_Exercise details_
Copy out exactly the lines spanning the line with "VDE-Schraubendreher mit mehrkomponentigem" to the line with "বিধান ভবনে একটি", inclusive, from the data underneath, with no pictures.

++++ Available records

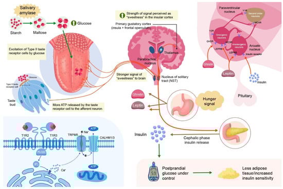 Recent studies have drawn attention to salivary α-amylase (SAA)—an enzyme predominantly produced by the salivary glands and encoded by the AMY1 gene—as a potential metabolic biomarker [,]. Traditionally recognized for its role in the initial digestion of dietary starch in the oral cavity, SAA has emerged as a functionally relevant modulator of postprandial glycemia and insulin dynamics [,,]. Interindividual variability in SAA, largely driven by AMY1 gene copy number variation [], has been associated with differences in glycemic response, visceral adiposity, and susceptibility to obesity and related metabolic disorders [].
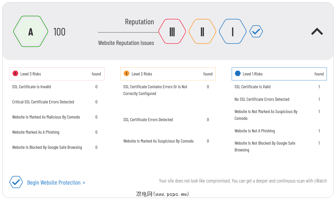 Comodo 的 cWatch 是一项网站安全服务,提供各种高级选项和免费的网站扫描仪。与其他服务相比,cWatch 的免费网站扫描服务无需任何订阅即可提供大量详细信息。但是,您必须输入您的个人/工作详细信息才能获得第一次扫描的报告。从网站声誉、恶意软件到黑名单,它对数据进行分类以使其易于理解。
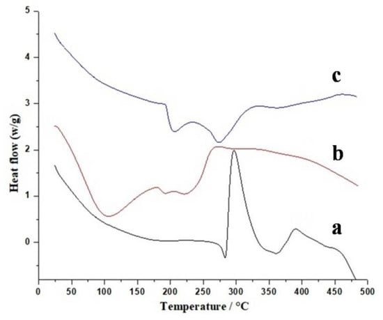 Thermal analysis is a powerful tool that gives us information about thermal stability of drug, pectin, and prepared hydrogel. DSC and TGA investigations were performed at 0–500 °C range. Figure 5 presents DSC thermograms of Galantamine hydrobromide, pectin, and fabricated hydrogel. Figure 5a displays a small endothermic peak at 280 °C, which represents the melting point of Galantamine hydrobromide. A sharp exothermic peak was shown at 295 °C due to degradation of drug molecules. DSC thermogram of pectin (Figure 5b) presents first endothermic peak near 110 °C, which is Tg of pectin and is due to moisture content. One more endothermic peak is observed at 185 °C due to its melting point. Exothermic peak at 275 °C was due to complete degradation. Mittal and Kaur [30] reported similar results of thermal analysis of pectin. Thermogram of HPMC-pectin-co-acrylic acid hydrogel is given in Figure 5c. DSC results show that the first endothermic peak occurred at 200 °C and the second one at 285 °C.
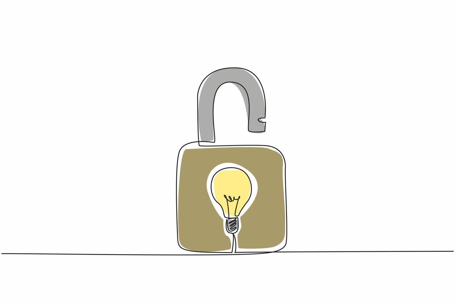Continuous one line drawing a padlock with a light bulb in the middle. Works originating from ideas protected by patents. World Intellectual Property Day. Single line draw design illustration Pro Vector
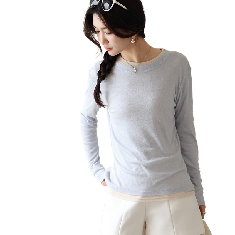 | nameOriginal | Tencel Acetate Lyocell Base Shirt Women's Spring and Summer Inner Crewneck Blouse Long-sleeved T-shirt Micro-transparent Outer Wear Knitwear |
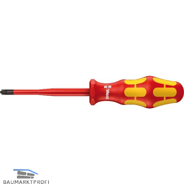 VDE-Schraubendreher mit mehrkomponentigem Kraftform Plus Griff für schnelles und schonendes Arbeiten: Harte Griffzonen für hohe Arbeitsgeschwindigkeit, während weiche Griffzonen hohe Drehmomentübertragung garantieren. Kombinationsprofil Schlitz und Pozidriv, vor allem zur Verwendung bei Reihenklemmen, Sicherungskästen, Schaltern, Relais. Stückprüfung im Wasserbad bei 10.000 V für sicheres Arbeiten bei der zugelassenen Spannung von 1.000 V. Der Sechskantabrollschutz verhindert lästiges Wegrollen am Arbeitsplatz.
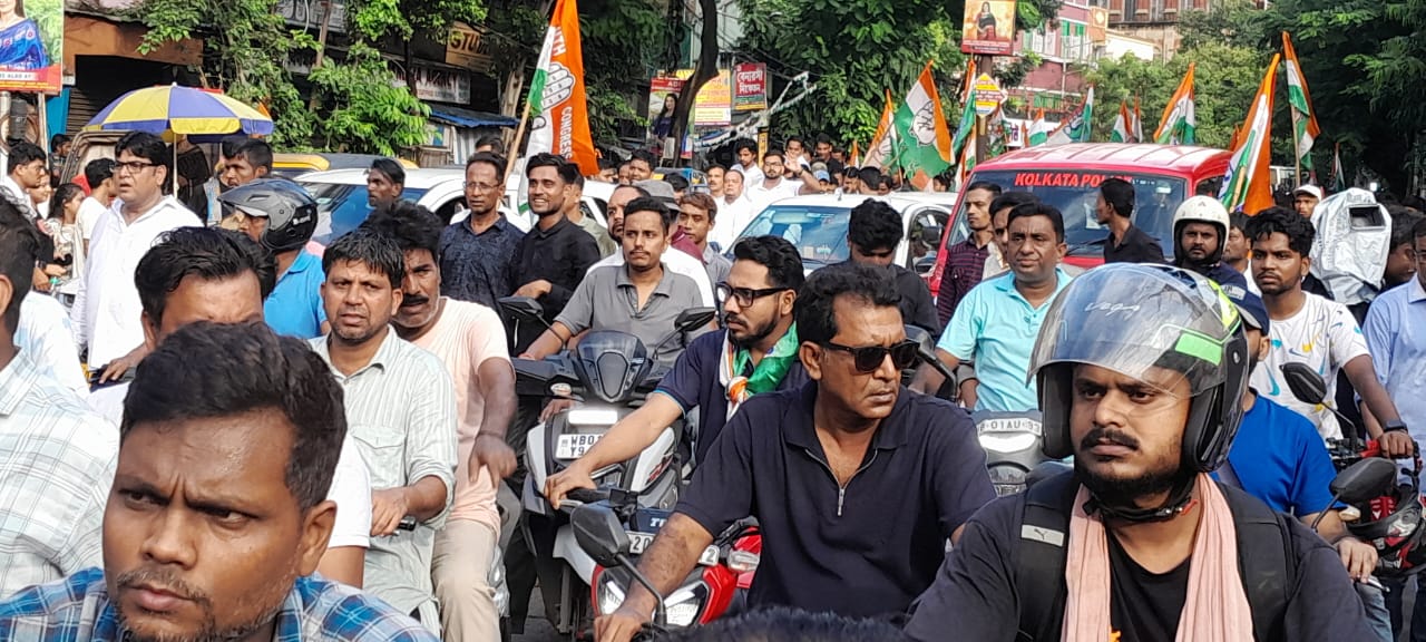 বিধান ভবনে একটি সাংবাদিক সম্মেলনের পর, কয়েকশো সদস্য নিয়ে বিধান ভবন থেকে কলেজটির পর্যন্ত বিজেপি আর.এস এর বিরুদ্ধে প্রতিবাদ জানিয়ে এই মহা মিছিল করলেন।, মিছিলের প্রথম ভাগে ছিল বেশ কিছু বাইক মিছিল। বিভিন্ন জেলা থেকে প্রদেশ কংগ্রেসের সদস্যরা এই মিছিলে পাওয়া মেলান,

++++++++
++++ Available records

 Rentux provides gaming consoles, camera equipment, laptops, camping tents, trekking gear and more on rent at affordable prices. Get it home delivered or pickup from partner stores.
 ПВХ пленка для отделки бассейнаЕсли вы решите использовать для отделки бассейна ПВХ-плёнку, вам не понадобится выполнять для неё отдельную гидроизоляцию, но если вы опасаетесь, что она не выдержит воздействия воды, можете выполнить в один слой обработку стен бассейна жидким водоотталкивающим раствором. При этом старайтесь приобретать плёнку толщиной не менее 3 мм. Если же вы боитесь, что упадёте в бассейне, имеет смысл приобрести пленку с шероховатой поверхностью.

++++++++
++++ Available records

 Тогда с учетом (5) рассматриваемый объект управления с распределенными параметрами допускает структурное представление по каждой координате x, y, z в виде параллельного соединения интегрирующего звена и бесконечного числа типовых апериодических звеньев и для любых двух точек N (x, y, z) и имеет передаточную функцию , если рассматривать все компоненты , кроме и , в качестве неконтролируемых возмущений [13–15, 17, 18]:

++++++++

_Answer space_
 VDE-Schraubendreher mit mehrkomponentigem Kraftform Plus Griff für schnelles und schonendes Arbeiten: Harte Griffzonen für hohe Arbeitsgeschwindigkeit, während weiche Griffzonen hohe Drehmomentübertragung garantieren. Kombinationsprofil Schlitz und Pozidriv, vor allem zur Verwendung bei Reihenklemmen, Sicherungskästen, Schaltern, Relais. Stückprüfung im Wasserbad bei 10.000 V für sicheres Arbeiten bei der zugelassenen Spannung von 1.000 V. Der Sechskantabrollschutz verhindert lästiges Wegrollen am Arbeitsplatz.
 বিধান ভবনে একটি সাংবাদিক সম্মেলনের পর, কয়েকশো সদস্য নিয়ে বিধান ভবন থেকে কলেজটির পর্যন্ত বিজেপি আর.এস এর বিরুদ্ধে প্রতিবাদ জানিয়ে এই মহা মিছিল করলেন।, মিছিলের প্রথম ভাগে ছিল বেশ কিছু বাইক মিছিল। বিভিন্ন জেলা থেকে প্রদেশ কংগ্রেসের সদস্যরা এই মিছিলে পাওয়া মেলান,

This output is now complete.